Area of OAB = 1/2 * Base * Height = 1/2*10*4 = 20.

Required probability = Area of OPA/Area of OAB = 5/7.

Swarna on August 31st, 2010 at 2:38 pm

Yes.. The answer is 5/7 for this.

The coordinates given form a right angle triangle , with one vertex at origin, one at x axis and one at y axis.

the area of this triangle = 1/2 * 10 * 4 = 20 units.

now, we now that if we draw a line which passes through points (0,0) , (1,1), (2,2) .. then all points below this line will have x co-ordinate greater than y co-ordinate. so if compute the area of the triangle formed by the above line , x axis , and the hypotenuse of the triangle can give us the area in which x co-ordinate will always be greater than y co-ordinate. OK.
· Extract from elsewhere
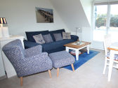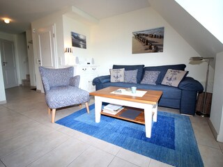 Diese schöne 3-Zimmer Ferienwohnung im Obergeschoss über 2 Ebenen für 1-3 Personen verfügt über einen Wohnraum mit Sitzgruppe, Flachbild TV, DVD-Player, Zugang zum Westbalkon mit Dünenblick, voll ausgestatteter Küchenzeile; ein Duschbad, ein Schlafzimmer mit Einzelbett...

so to compute - we know the base = 10

height = ?

to compute the height, we need to compute the intersection point of line y =x and line joining the points (10,0) & (0,4). the intersection point will be (20/7, 20/7).

so here comes the height = 20/7

area of the traingle = 1/2 * 10 * 20 / 7 = 100 /7

probability = chances in favour / total chances = (100/7) / 20

= 5/7

so the answer 5/7 as given my many others also, seem correct to me.